Recommended Blues Recording
J.B. Hutto & His Hawks - Modern Blues At Its Raucous Best
J.B. Hutto & His Hawks – Hawk Squat – Delmark Records DE 617
A racket. A commotion. A ruckus. Pick a noun, but when J.B. Hutto took the stage, his contagious blend of searing, slashing, and gnashing guitar work turned whatever room he was playing into a palace of volcanic blues slide guitar ecstasy. Much like Magic Slim, Jimmy Dawkins, and Hound Dog Taylor, among other modern bluesmen, Hutto’s delivery was an emotional and sonic overload to be reveled in and appreciated for its simplistic bombast.
Hutto’s was not “pretty” blues, such as that of the artists who featured full horn sections, swinging rhythms, and soulful, clean vocals.
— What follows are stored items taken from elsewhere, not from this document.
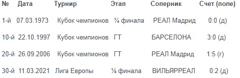 - 30-й еврокубковый матч «Динамо» с представителями Испании. Баланс всех игр: 5 побед, 10 ничьих и 15 поражений, мячи 33-51.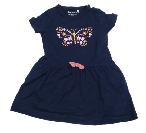 Tmavomodré bavlněné šaty s motýlem Blue Seven
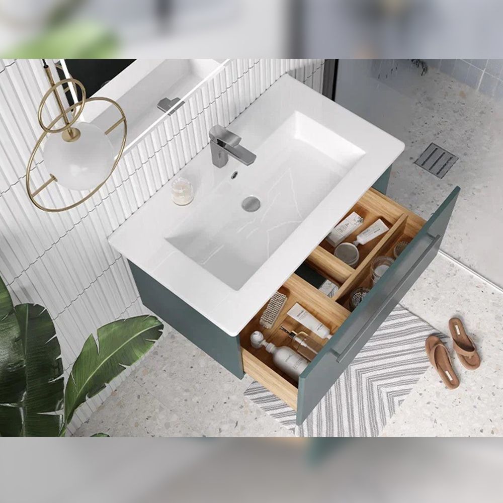 Тумба под раковину подвесная Velvex Posse tp.POS.OSK.85.1Y верде, 85 см: 1 выдвижной ящик с механизмом плавного закрывания.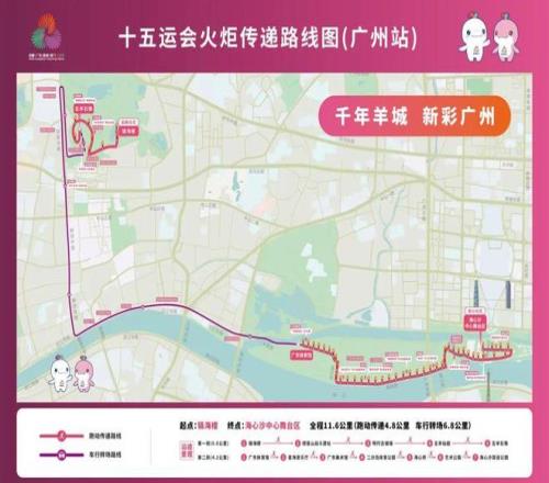 广州站火炬传递路线以“千年羊城 新彩广州”为主题,从传统中轴迈向新中轴,从城市起源图腾(五羊石像)到近代历史印记(海珠广场),从体育冠军摇篮(广东省二沙体育训练中心)到城市客厅(海心沙中心舞台),串联历史地标与现代风貌,展开一段从古代文明到近代革命、再到现代都市的历史叙事,展现“老城市新活力”的传承与创新,彰显广州在融湾向海的中国式现代化进程中排头兵、领头羊和火车头的使命担当。整个火炬传递路线共11.6公里,其中跑动传递4.8公里,无人驾驶车辆转场6.8公里。

No, Hutto’s blues were strong, booming, and infused with the urgency and pressures of the daily black realities of Chicago’s south side. There were no rainbows and blue skies in Hutto’s blues, just the tearing heartaches and pains that led to deep wounds inflicted by day-to-day life in the ghetto.
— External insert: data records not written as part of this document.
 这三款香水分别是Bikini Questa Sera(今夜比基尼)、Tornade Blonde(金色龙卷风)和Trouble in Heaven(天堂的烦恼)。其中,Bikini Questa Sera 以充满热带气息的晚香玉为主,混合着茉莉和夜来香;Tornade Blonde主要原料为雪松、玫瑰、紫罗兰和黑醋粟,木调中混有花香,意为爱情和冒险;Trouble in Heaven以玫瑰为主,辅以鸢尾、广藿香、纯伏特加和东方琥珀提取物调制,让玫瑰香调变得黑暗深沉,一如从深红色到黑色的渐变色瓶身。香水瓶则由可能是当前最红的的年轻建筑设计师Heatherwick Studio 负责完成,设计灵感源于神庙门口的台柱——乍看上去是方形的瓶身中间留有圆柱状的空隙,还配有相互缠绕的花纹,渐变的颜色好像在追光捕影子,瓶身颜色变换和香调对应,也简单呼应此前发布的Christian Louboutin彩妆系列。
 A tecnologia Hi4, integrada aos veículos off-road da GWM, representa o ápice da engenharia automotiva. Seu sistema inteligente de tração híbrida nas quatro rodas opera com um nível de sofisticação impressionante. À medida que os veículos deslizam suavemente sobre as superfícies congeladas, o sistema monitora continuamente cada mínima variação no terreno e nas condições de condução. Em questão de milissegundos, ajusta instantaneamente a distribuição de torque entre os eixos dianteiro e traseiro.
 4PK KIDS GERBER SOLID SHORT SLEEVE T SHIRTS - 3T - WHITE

Recorded over a number of sessions between 1966-1968 in Chicago, Hawk Squat was Delmark’s second modern blues release, following Junior Wells’ ground-break Hoodoo Man Blues. This period for Delmark was a turning point in that the label had historically released albums by bluesmen who had roots to a much earlier time in blues history. And as we all know, Delmark went on to release more contemporary blues albums by artists who remain vital to the core of modern Chicago blues including Magic Sam, Jimmy Dawkins, Jimmy Johnson, Luther Allison, Mighty Joe Young, Otis Rush, among many others. That dedication carries forward into today.
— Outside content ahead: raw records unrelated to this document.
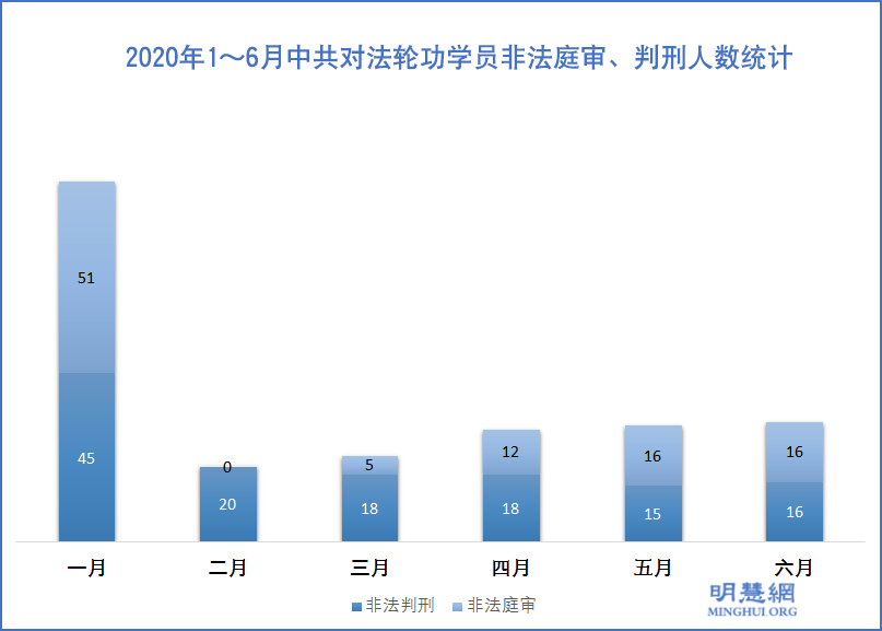 据明慧网信息统计,二零二零年一至六月中共非法判刑人数为132人。其中,一月份判刑45人,二月份判刑20人,三月份判刑18人,四月份判刑18人,五月份判刑15人,六月份判刑16人。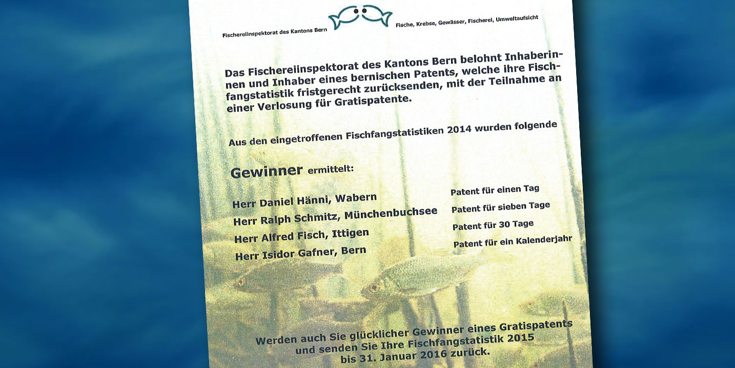 Das Fischereiinspektorat des Kantons Bern belohnt Inhaberinnen und Inhaber eines Patents, welche ihre Fischfangstatistik fristgerecht zurücksenden. All diese nehmen an einer Verlosung für Gratispatente teil.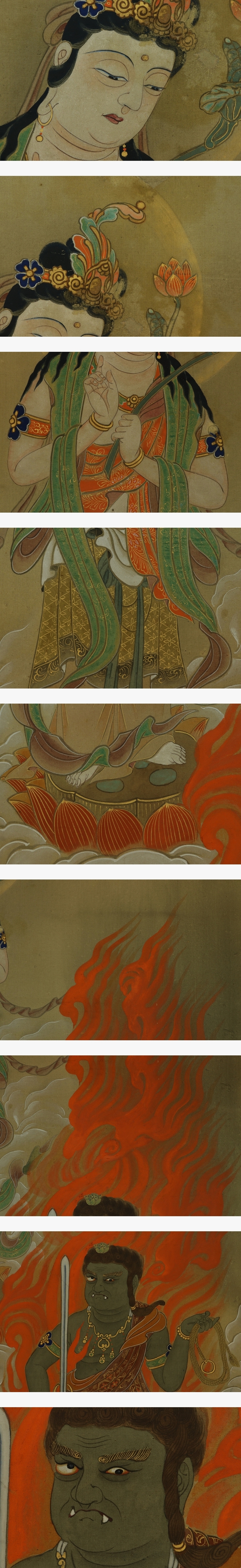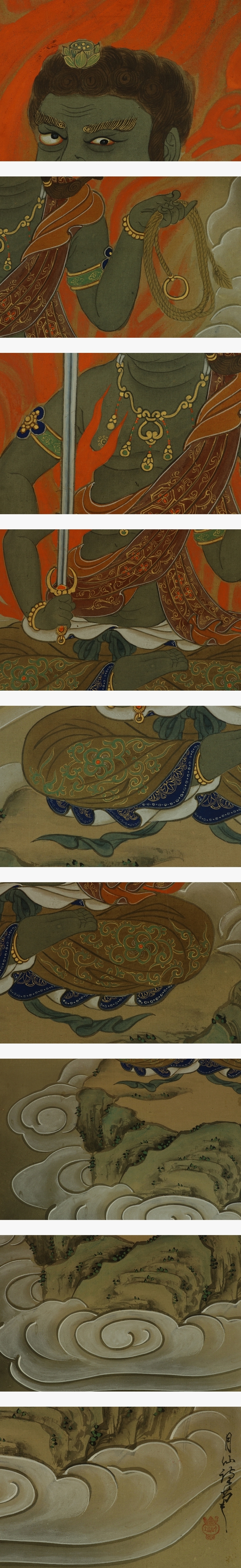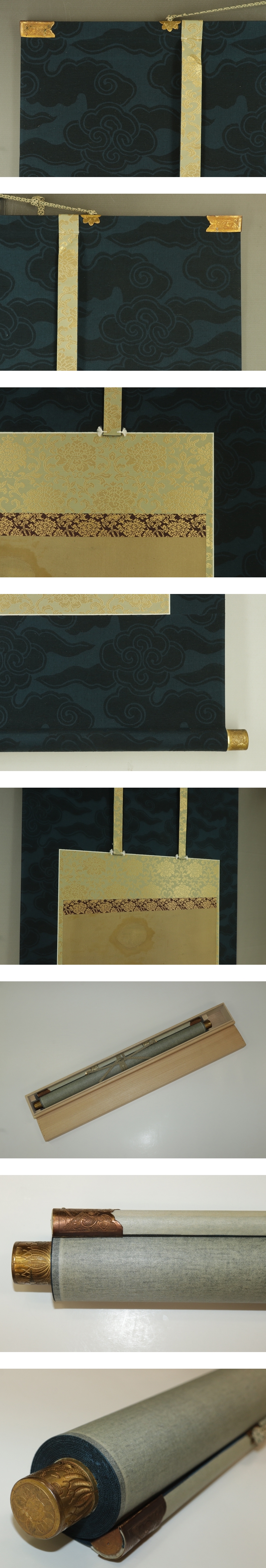 古仏画【不動に観音】 本紙は、染み痕、破れ修整痕があります。 表装は、良好です。軸先と金具部に変色があります。 【サイズ】 作品 横約42.5cm×縦約110cm 表装 横約59cm×縦約182cm |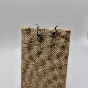 Vintage 1980's Minimalist Silver Earrings with Onyx

The blues was being discovered and emulated by young British bands and youths in the mid-to-late 1960s, and as we’ve touched upon previously, this led to new notoriety for Chicago’s blues artists. Blues was influencing rock and roll. And, the music was still being demanded in the south and west side clubs by older blacks who grew-up with the blues from its beginnings as a relatively solo from of music to the loud ensemble art form it became that was demanded by the noise of Chicago’s taverns. The music was amplified, loud, and forceful, matching the tensions and pressures of everyday life in black Chicago. A modern blues was called for in these environs. Not far down the road were the 1970s, a period when younger blacks continued to turn away from the blues, initially because of heritage issues, but then because of the advent of soul music, and eventually, disco.
Nonetheless, Delmark’s patriarch, Bob Koester, knew from his frequent expeditions into Chicago’s south and west side blues scenes that the blues was continuing to evolve into this driving, sonically rough brand of music, and he was determined to capture its ferocity. Koester speaks to first seeing Hutto at Turner’s, a small tavern on the southside somewhere around 1962-1963, and being seized by the intensity of his brand of blues.
At the time of these recordings, Hutto was living in a south suburban enclave of the greater Chicago area, but he was still frequently playing Turner’s. In fact, it is said that Hutto more or less made Turner’s his home base for roughly a decade.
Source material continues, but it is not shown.